Podia Ter Esperado por Agosto
Podia Ter Esperado por Agosto

A experiência como ator também ajudou o humorista na sua estreia no papel de realizador. "As pessoas associam-me muito ao improviso, mas sou o oposto, estou nos antípodas disso quando estou num set de filmagem. Eu digo o texto à risca, à vírgula. Gosto de ter preocupação com as marcações, sou obcecado por marcações, por repetir igual. Para mim é um desafio, é quase como jogo. Tenho essa competitividade de brincar com as anotadoras dos outros filmes... Isso, para mim, fascina-me. E depois acho uma pressão gigantesca em estar sempre à frente da câmara", confessa.

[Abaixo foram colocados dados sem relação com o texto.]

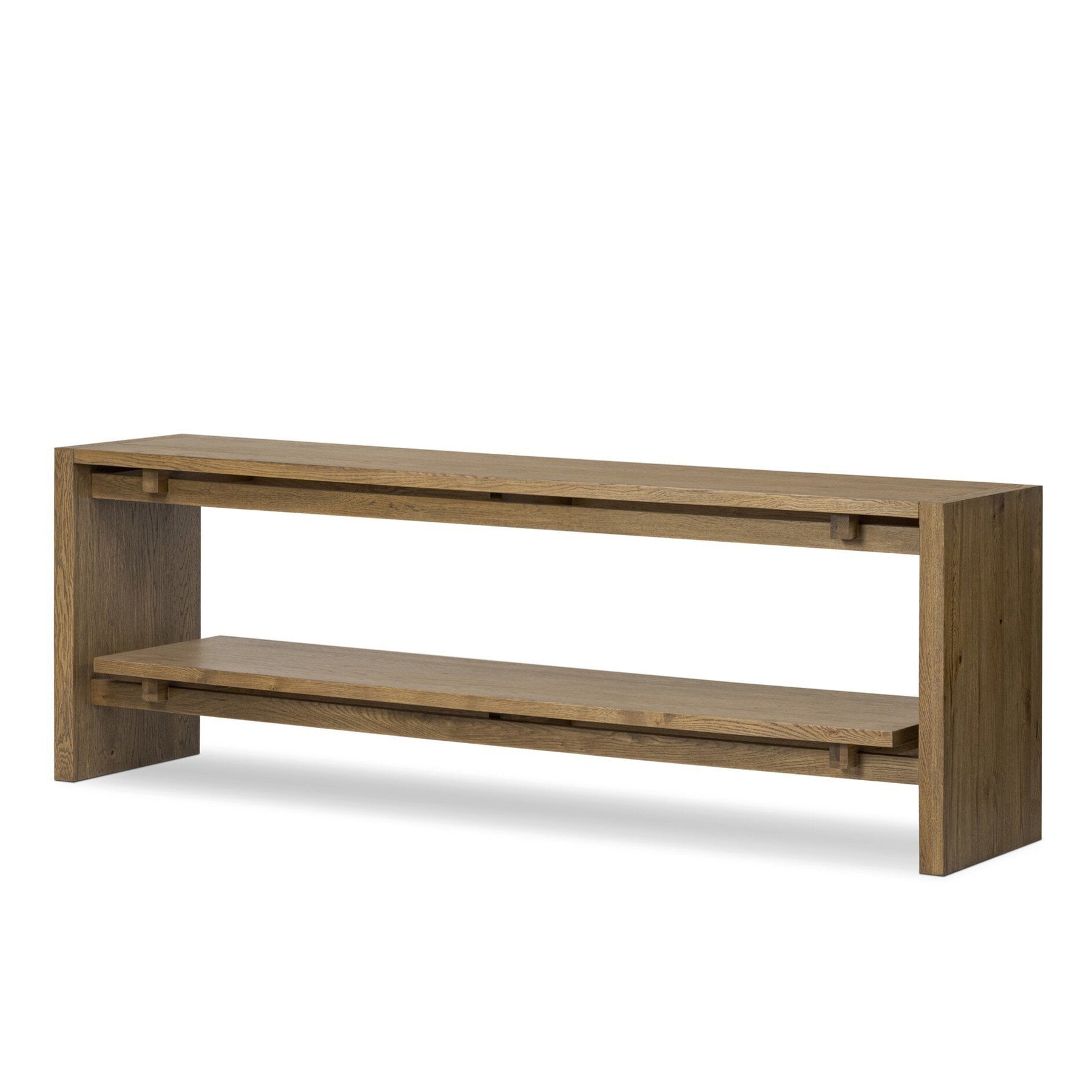 A truly versatile design made from rustic amber oak, wide tiers of float-style shelves bring storage and display to any room. Layered cross supports add an architectural touch.

"Eu gosto de, por vezes, ter a calma de não estar à frente da câmera. Obviamente que dá mais trabalho, porque se eu fosse só ator, possivelmente não estávamos a ter esta entrevista, ou não tinha que estar na edição, ou não tinha que estar na escolha das músicas e por aí. Portanto, dá muito mais trabalho, mas por outro lado, tem mais responsabilidade, mas menos pressão, não sei te explicar bem. Portanto, sinto-me muito fascinado por estar atrás das câmaras. E depois é uma preparação natural porque não acredito que vá ter sempre graça. Não acredito que o humor não se renove e as pessoas não comecem a gostar de outro tipo de humor. E depois, por mais que eu me renove - na minha cabeça estou a renovar -, mas na verdade, se calhar não é bem assim. É uma percepção que eu tenho. Portanto, é uma coisa natural passar para trás das câmara", remata César Mourão ao SAPO Mag.